Наша компания работает на корпоративный рынок, а там бал правит ESXi, HyperV и другие. Соответственно, от кластера Ceph, который так или иначе используется в корпоративном секторе, в обязательном порядке требуется поддержка соответствующих методик. Нам этого в Ceph не хватило, поэтому пришлось дорабатывать и расширять кластер Ceph своими компонентами, фактически строя уже нечто большее, чем Ceph, — свою платформу для хранения данных.
Кроме того, клиенты в корпоративном секторе не на Linux, а в большинстве своем Windows, изредка Mac OS, в кластер Ceph сами идти не могут. Их приходится запускать через какие-то шлюзы, которые в этом случае становятся узкими местами.
Нам пришлось добавить все эти компоненты, и мы получили несколько более широкий кластер.

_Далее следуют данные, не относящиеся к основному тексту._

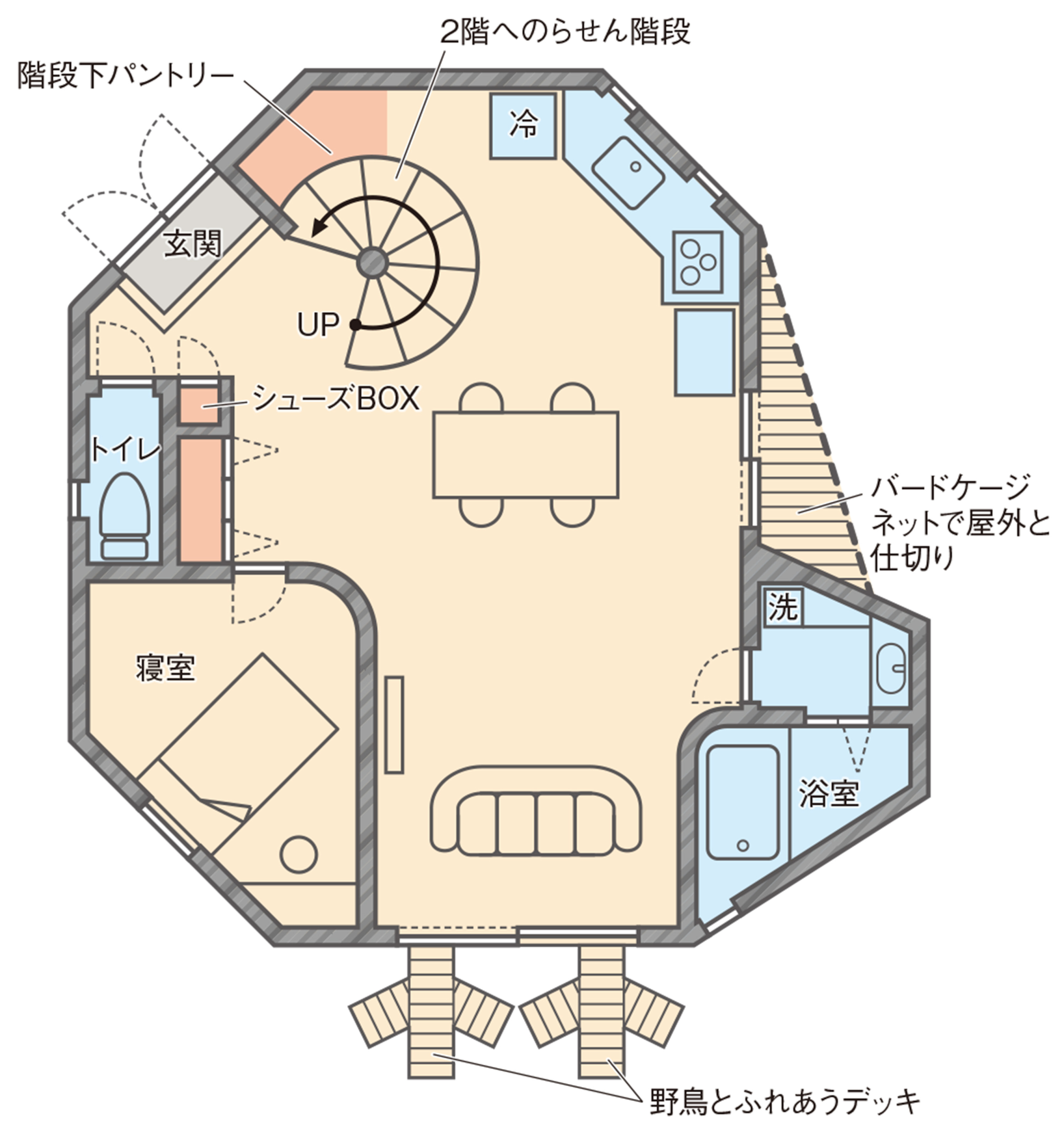 玄関がくちばしになっていたり、らせん階段が目のようになっていたりとよく見てみると家全体がヒヨコのシルエットに見える不思議な間取りです。形だけでなく、バードゲージや野鳥と触れ合うためのデッキが備わっているなど、鳥と触れ合うための設備も完備された、鳥好きの方にとってはたまらない間取りになっています。

У нас появились два центральных компонента — это группа SCSI Gateways, которые предоставляют доступ к данным в кластере Ceph через FibreChannel или iSCSI. Эти компоненты используются для того, чтобы соединить HyperV и ESXi с Ceph-кластером. Клиенты PROXMOX по-прежнему работают родным для них способом — через RBD.
Файловых клиентов мы не пускаем напрямую в кластерную сеть, для них выделено несколько отказоустойчивых Gateway. Каждый Gateway предоставляет доступ к файловой кластерной системе по NFS, по AFP или по SMB. Соответственно, практически любой клиент, будь это Linux, FreeBSD или не только клиент, сервер (OS X, Windows), получает доступ к CephFS.
Для того, чтобы всем этим управлять, нам пришлось фактически разработать свой оркестратор Ceph и всех наших компонентов, которых там множество. Но говорить о нем сейчас нет смысла, поскольку это именно наша разработка. Большинству будет, наверное, интересен все-таки сам «голый» Ceph.
Ceph много где используется, и местами периодически случаются отказы. Наверняка все, кто работает с Ceph, знают легенду о CloudMouse. Это страшная городская легенда, но там все не так плохо, как кажется. Есть новая сказка о Росреестре. Там везде крутился Ceph, и везде был его отказ. Где-то это закончилось фатально, где-то удалось быстро устранить последствия.
К сожалению, у нас не принято делиться отрицательным опытом, все стараются спрятать соответствующую информацию. Зарубежные компании чуть более открыты, в частности, в DigitalOcean (известный провайдер, который раздает виртуалки) тоже случился отказ Ceph почти на сутки, это было 1 апреля — замечательный день! Часть репортов они выложили, ниже краткий лог.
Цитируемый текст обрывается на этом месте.